The AI boom has created some strange bedfellows. At its I/O Developer Conference on Wednesday, Google announced a whole host of AI-injected products to help users write emails, generate images for slideshows, and even come up with fun captions for images.
However, the company also announced that it will launch a watermark feature on all its AI-generated images so that users can know whether or not an image was created using their image generator tool. . The watermark itself is actually in the metadata of those images. So there’s no easy way to immediately know whether or not an image was created by a bot without downloading it and digging into the metadata.
Google also said it will flag AI-generated images on Google Image results, which will allow users to determine whether or not an image was created by a bot. This summer, the company is also launching a new tool for the US called ‘About This Image’, which allows users to essentially reverse image search that shows you where the image first appeared. on the Internet according to Google’s indexing.
The irony here, of course, is that Google is also going all-in on AI. Not only does it appear to be infusing its proprietary PaLM 2 into nearly its entire product line, but the company is also launching its Bard chatbot in over 180 countries.

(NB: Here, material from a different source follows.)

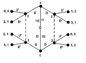 The game on the right is the same as the above game except that player 2 does not know what player 1 does when they come to play. The first game described has perfect information; the game on the right does not. If both players are rational and both know that both players are rational and everything that is known by any player is known to be known by every player (i.e. player 1 knows player 2 knows that player 1 is rational and player 2 knows this, etc. ad infinitum), play in the first game will be as follows: player 1 knows that if they play U, player 2 will play D' (because for player 2 a payoff of 1 is preferable to a payoff of 0) and so player 1 will receive 2. However, if player 1 plays D, player 2 will play U' (because to player 2 a payoff of 2 is better than a payoff of 1) and player 1 will receive 1. Hence, in the first game, the equilibrium will be (U, D' ) because player 1 prefers to receive 2 to 1 and so will play U and so player 2 will play D' .

This will put powerful and potentially dangerous robots in the hands of millions, if not billions of people.
Google isn’t the only company that seems to play both sides, so they always end up on top either. Jack Altman, the brother of OpenAI CEO Sam Altman, invested in GPTZero using family investment firm Altman Capital. Tian told The Daily Beast that while Sam was interested, he couldn’t get directly involved due to “conflicts of interest,” likely due to him being the CEO of one of the companies. world’s most important AIs.

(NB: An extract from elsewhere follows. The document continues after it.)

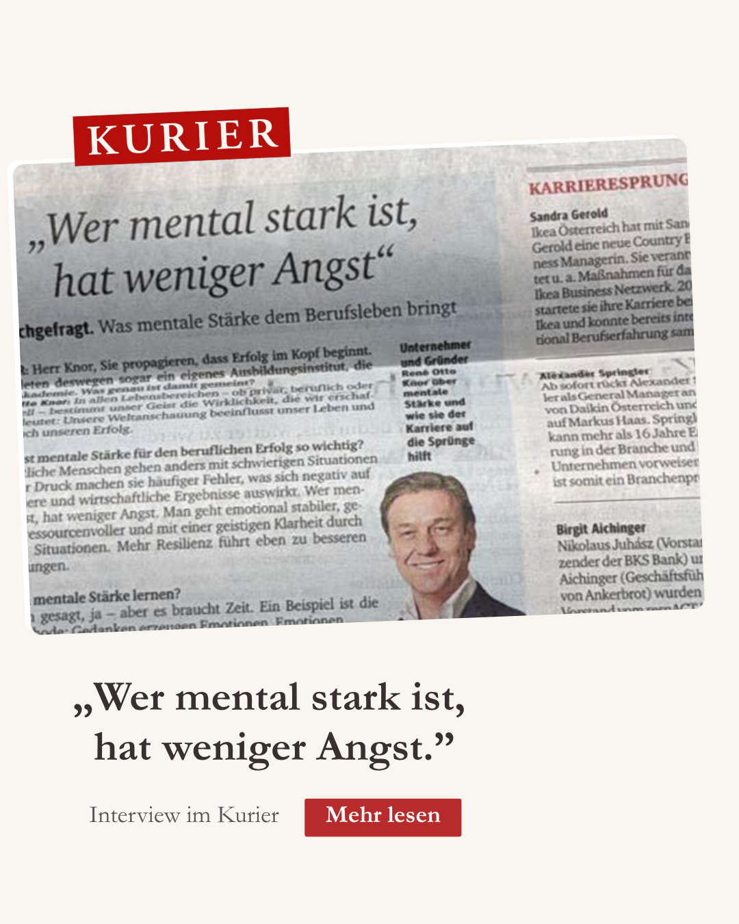 René Otto Knor am 15.03.2025 im Kurier über mentale Stärke und was sie im Berufsleben bringt. Hier den ganzen Artikel lesen.

“There’s an internal value to having a human on the other side, which I don’t think will ever change.”
— Edward Tian, GPTZero
It is clear that as AI has increased, the tools and services aimed at combating and detecting it, such as Origin, will also increase. But more importantly, they could provide us with an opportunity to confront a kind of digital solipsism that seems to permeate the world as AI becomes ever more powerful and widespread. We need to know if the people we interact with, the content we read, and the media we engage with are real or not, otherwise the internet would be a truly isolated place.
“I feel like human society will lose its momentum for progress and come up with new things if everyone just uses the AI output that takes what’s already on the internet and regurgitates it,” Tian said. . “There’s an internal value to having a human on the other side, which I don’t think will ever change.”